Si se introducen varias bolsas en un depósito de agua al mismo tiempo, todas ellas tendrán un comportamiento similar, pero no necesariamente exactamente igual. Pueden producirse pequeñas diferencias en función del tamaño/espesor real de cada porción y de la ubicación de la bolsa. Si tenemos un mayor caudal de agua rodeando algunas bolsas, aceleraremos el proceso de calentamiento de las mismas.
Volviendo a lo que aprendimos en nuestro experimento, vimos que cuanto más grande es la brecha más rápido es el proceso. Esto significa que las bolsas que, por la razón que sea, son más rápidas al principio, se ralentizarán primero, mientras que el resto seguirá calentándose a un ritmo mayor. Y no se ralentizará hasta que su brecha sea pequeña.
Tomando el valor de 150F (10F menos que nuestro objetivo) de la tabla del FSIS, vemos que para lograr la pasteurización necesitamos mantener esa temperatura durante 4,2 minutos. La sonda del núcleo alcanzó los 150 después de 33 minutos, es decir, 17 minutos antes de que terminara el ciclo. Habría bastado con mantenerla ahí o por encima durante 4,2min, pero la mantuvimos otros 17min. Esto significa que no necesitamos un flujo de agua ultra preciso o un porcionamiento para lograr la pasteurización entre todas las bolsas de un lote, ya que la naturaleza real del proceso de cocción/regeneración a baja temperatura nos ayudará.
DeltaT se refiere a la diferencia entre la temperatura del agua y la temperatura objetivo de la sonda. No debe ser demasiado grande por dos razones. Una de ellas, mencionada anteriormente, tiene que ver con la obtención de la ternura adecuada. En segundo lugar, puede agilizar el proceso hasta el punto de que no se puedan anular las pequeñas variaciones relativas al porcionado o a la ubicación exacta de la sonda del núcleo.
Por último, hemos calculado cuándo conseguimos las diferentes combinaciones de la tabla del FSIS para el pollo.

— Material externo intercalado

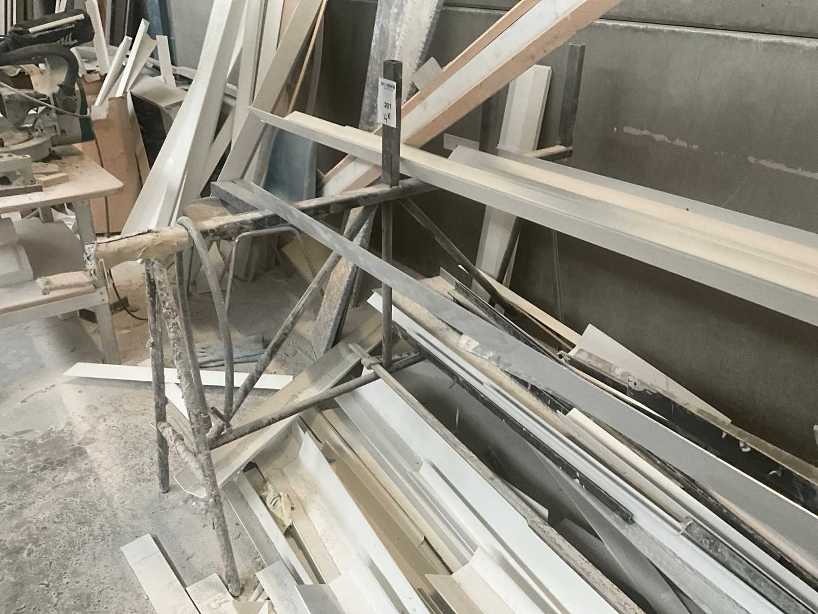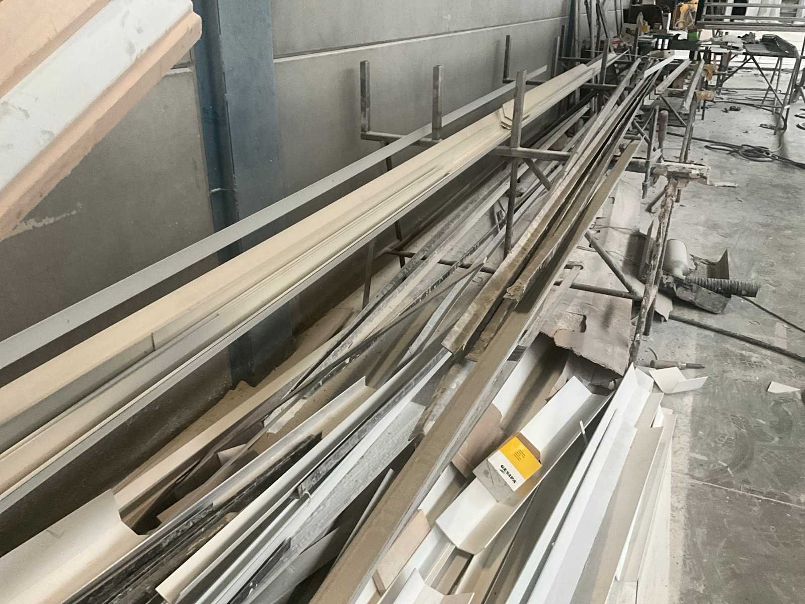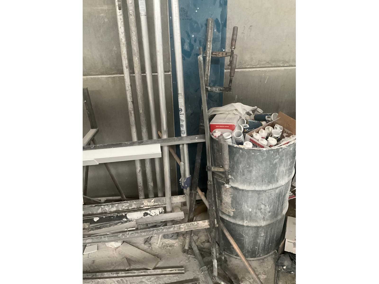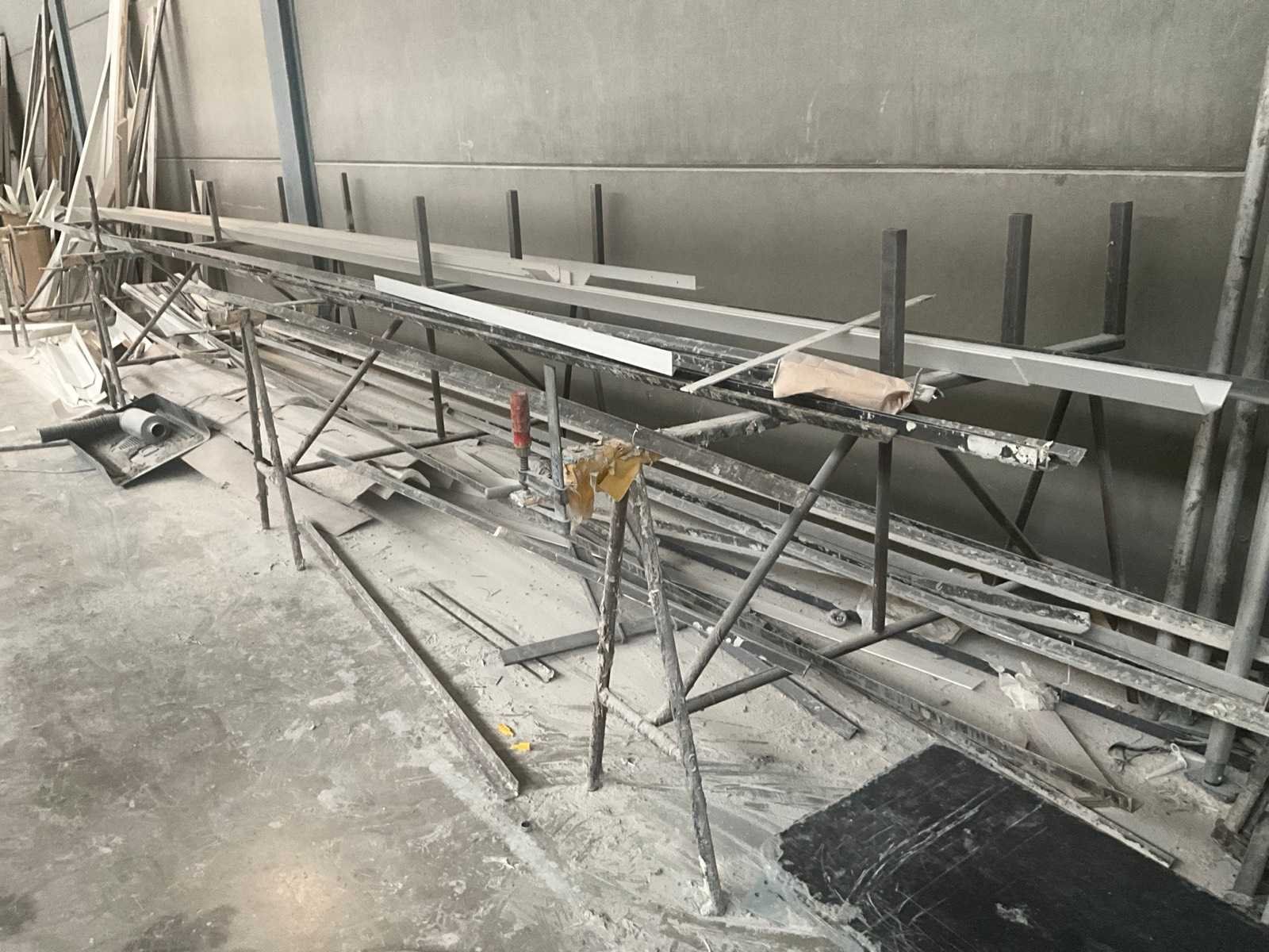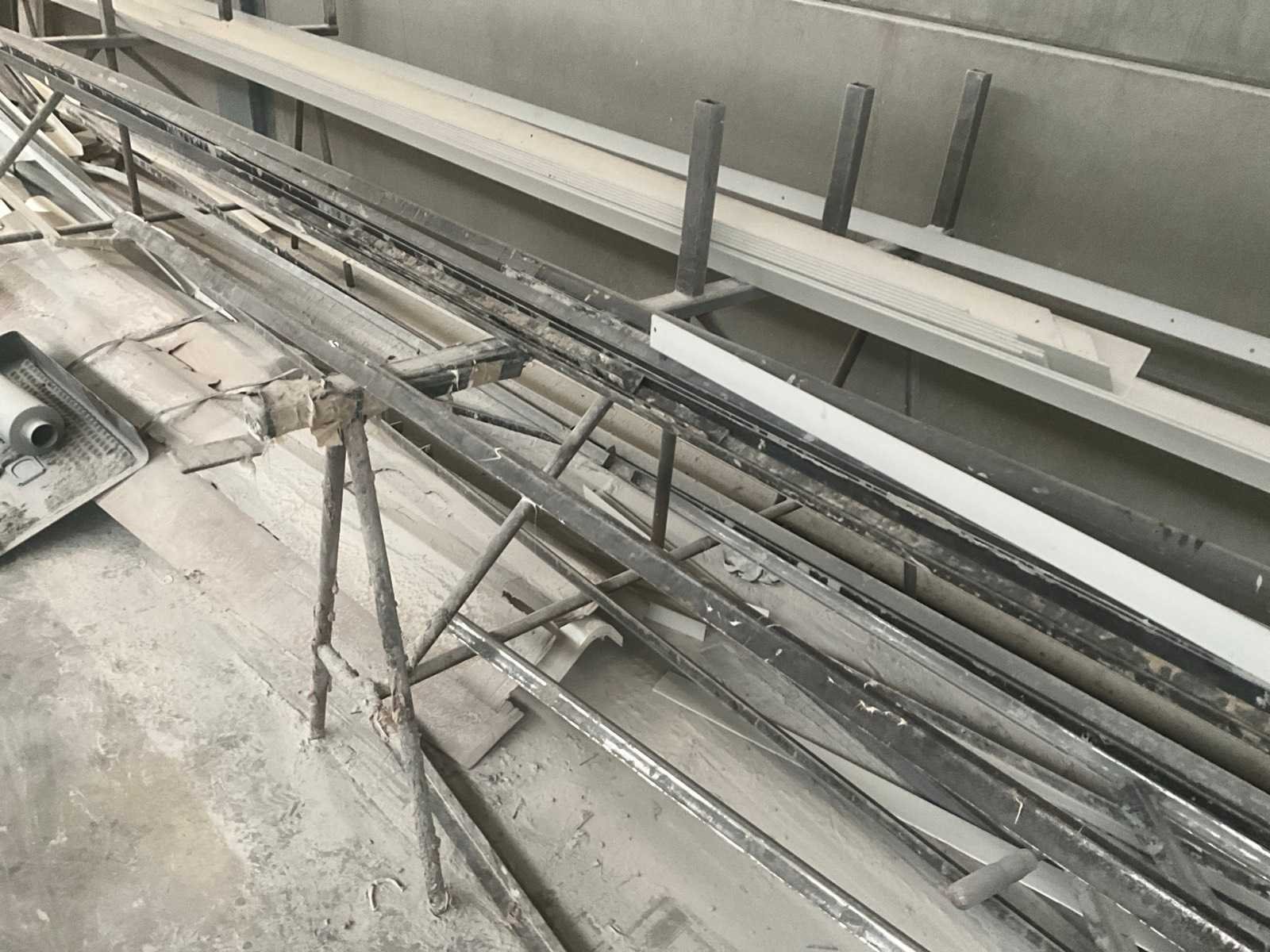 Compleet met enige lijmklemmen, montagehulpen, kunststof en metaalresten waaronder met lengte circa 6m Lengte: 155cm Breedte: 45cm Hoogte: 110cm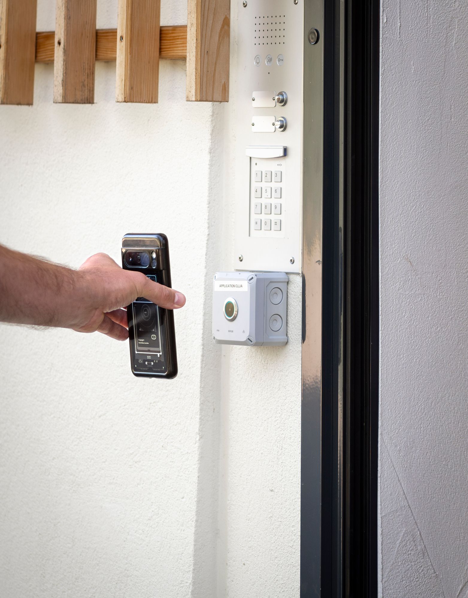 Devant la porte, l’utilisateur scanne avec son smartphone le code QR affiché. L’application vérifie immédiatement si l’utilisateur possède l’autorisation d’accès nécessaire, et si c’est le cas, un code d’accès unique, temporaire et crypté, est généré sur le téléphone. L’utilisateur le présente devant la caméra du boîtier qui le décrypte. Cela permet de déterminer qui a généré un accès, pour quelle porte et à quel moment. Si le contrôle est réussi, la porte s’ouvre, l’accès est enregistré et visible par l’exploitant.

Temperatura sonda (F) | Tiempo desde inicio de ciclo (min) | Tiempo Hold para pasteurizar (min) | Tiempo para pasteurizar (min) |
---|---|---|---|
145 | 28,70 | 13,0 | 41,70 |
146 | 29,38 | 10,6 | 39,98 |
147 | 30,23 | 8,6 | 38,83 |
148 | 31,22 | 6,8 | 38,02 |
149 | 31,98 | 5,4 | 37,38 |
150 | 33,05 | 4,2 | 37,25 |
151 | 33,97 | 3,1 | 37,07 |
152 | 35,23 | 2,3 | 37,53 |
153 | 36,20 | 1,6 | 37,80 |
* Cooking cycle ended after 50,05 minutes |
Para el FSIS, la proteína se pasteurizó después de 37 minutos. Alcanzó los 151F en 33,97 minutos y se mantuvo allí durante 3,1 min. Pero el ciclo no terminó hasta 13 minutos después. Más que suficiente para absorber cualquier pequeña variación en cuanto a la posición o el grosor de la porción.